Technology for the Physical Plant: Building Smarts
More than ever before, campuses are turning to technology
to save money on energy and build better buildings.
LET’S FACE IT: Most people don’t need Al Gore to convince them that the Earth’s
environment has been changing significantly in the last few years. Sure, the former vice president and presidential
candidate educated everyone with his 2006 documentary, An Inconvenient Truth, but with Hurricane
Katrina, rising temperatures, and shrinking snows atop Kilimanjaro, evidence of something
climatically amiss is all around us.

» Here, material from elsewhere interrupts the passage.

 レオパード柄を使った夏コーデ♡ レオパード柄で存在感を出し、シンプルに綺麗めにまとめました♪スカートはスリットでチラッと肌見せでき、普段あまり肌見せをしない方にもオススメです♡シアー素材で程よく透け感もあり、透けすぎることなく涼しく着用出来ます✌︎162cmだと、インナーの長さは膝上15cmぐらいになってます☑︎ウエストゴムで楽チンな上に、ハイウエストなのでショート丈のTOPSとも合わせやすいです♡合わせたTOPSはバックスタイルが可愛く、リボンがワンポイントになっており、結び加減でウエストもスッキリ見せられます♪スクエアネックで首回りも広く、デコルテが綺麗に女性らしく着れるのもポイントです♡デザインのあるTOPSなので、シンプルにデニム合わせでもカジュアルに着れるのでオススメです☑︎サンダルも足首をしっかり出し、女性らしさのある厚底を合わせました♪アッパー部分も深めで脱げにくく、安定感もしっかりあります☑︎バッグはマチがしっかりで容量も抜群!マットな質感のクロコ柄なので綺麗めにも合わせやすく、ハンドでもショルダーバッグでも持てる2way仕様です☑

Some call these weird atmospheric events “global warming,” others
a natural “Little Ice Age” cycle; but whatever you call it, the evidence of change is irrefutable. Compounding
the situation, energy costs are higher than ever before. In some states, particularly those in the
northeastern US, energy costs have doubled in the last three or four years. Does this spell disaster for institutions
of higher education? Maybe not: Many colleges and universities are doing their part to react to
these challenges without breaking the bank.
CATCHING SOME RAYS
TALK ABOUT YOUR EFFECTIVE USE OF TECHNOLOGY: In 2002, student groups at the University of California-Berkeley approved the first of several budget appropriations for the installation of photovoltaic (PV) panels on the roof of the Martin Luther King Jr.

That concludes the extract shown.